Monday, March 15, 2010

Cinema Village

Brief History:

Cinema Village is the oldest continuously operated cinema in Greenwich Village. Built in 1963 in an old fire house it showcased “vintage classics, cult and contemporary critical favorites on double bills that would usually change three times a week,” which have since dissipated in commercial cinemas. During the emergence of home video, buy outs by major circuits and real estate development, it struggled

to stay open and only survived with a switch to limited engagements of highly alternative first run programming.

In the early 1990s it became known through its annual festivals and other bookings, as the place to see the amazing Hong Kong films, which had a profound influence on international filmmaking styles. Personal appearances by talents such as Michele Yeoh, Chow Yun Fat, Wong Kar Wai and Peter Chan. In 2000, renovation allowed for modern three screen facility with state of the presentation with a much more diverse programming mix and permit them to extend runs of special films to extraordinary lengths. 2001 introduced digital video projection, which gives them potential to play deserving features without the burden to distributors or filmmakers of an expensive conversion to celluloid.

Main Audience:

Greenwich Village is composed largely of elderly people and college students. Discounted tickets (College ID $8 Senior $6) There is a Large Jewish community and Cinema Village makes it a point to showcase works with Jewish themes or works by Jewish filmmakers.
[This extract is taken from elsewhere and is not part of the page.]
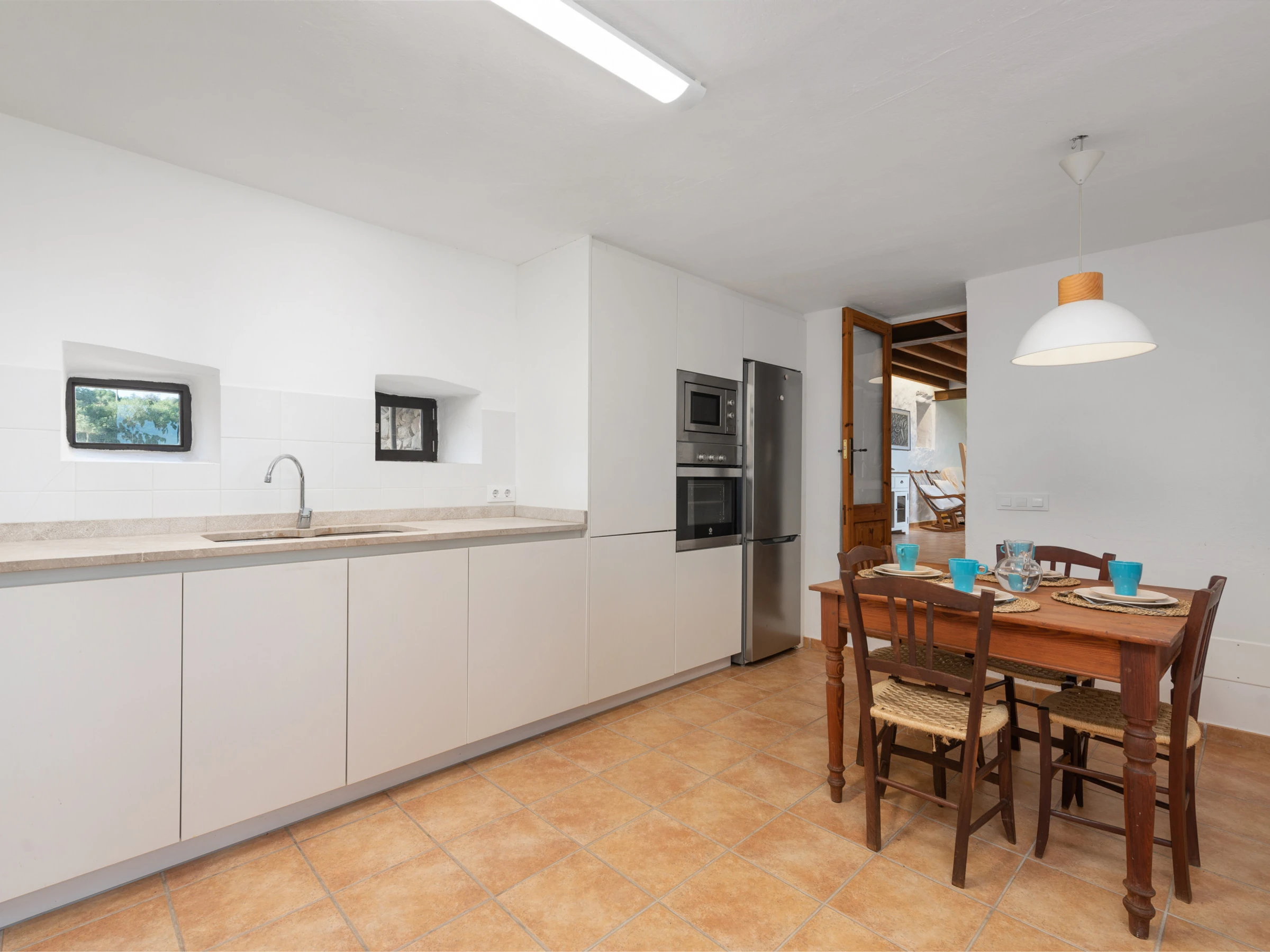 La cuisine, est équipée avec micro-ondes, congélateur, lave-vaisselle, cafetière et grille pain.

Promotion of films playing is largely dependent on word of mouth. They also promote the current films on their website.

Building and Location:

There is no lobby and a one-teller box office. If you arrive more than 15 minutes prior to the film’s start time, there is no indoor waiting area and you will be asked to wait outside. There is a small concession stand with the basics (large portion of cinema’s profits).

• Screen#1 capacity: 156 seats projection: 35 mm, 16 mm, digital video, QuickTime Files sound: Dolby Digital CP500

• Screen#2 capacity: 67 seats projection: 35 mm, 16 mm, digital video sound: Dolby Surround CP45

• Screen#3 capacity: 73 seats projection: 35 mm sound: Dolby Surround CP45

Our Experience:

After showing up a bit early we realized we had to kill some time so headed across the street to grab some zza. We headed over about 10 minutes past showtime wrongfully assuming that we were savvy moviegoers who would simply be skipping the previews. After purchasing our ticket from the college-age teller we bought some over-priced popcorn and headed into the tiny theater up the narrow stairs.

There were roughly 10 other people in the theater and all seemed borderline-elderly. The film came and went without really leaving any members of the group even slightly impressed. It was a mediocre film at best. We headed back out to the "lobby."

After asking the teller to speak to a manager she got very nervous and immediately insisted she must know why. We explained we were doing a project and she relaxed slightly. "He's somewhere around here" she told us. We realized quickly that she was disinterested in helping us so we asked if we could look around for him. "No, just wait here. He should pass through eventually." We decided to start looking for another employee to talk to. We found Steve.

Steve is a SUNY Purchase Film Studies alum who works at Cinema Village and was a great resource of info on Cinema Village. He was one of the most tenured employees with only a little over a year under his belt. He informed us that the average employment time for anyone working at cinema village was around one to two years and that no current manager had been there longer than him. The owner comes in roughly once a year when something needs to be fixed or equipment purchased. Other than that, the place pretty much is run by the employees on hand. He told us that they employ a film purchaser who picks the films that they will be showing and makes it a point to have at least one Jewish-themed film on hand and playing at any given time. He rarely gets to see the films that play and admits that he prefers not to be there when not working even though he can see any film free of charge.

Overall, Steve painted a grim picture of Cinema Village and claimed to see the writing on the walls for the old theater. However, due to its survival during trying times, it is difficult to believe that this cinema could go down without a fight.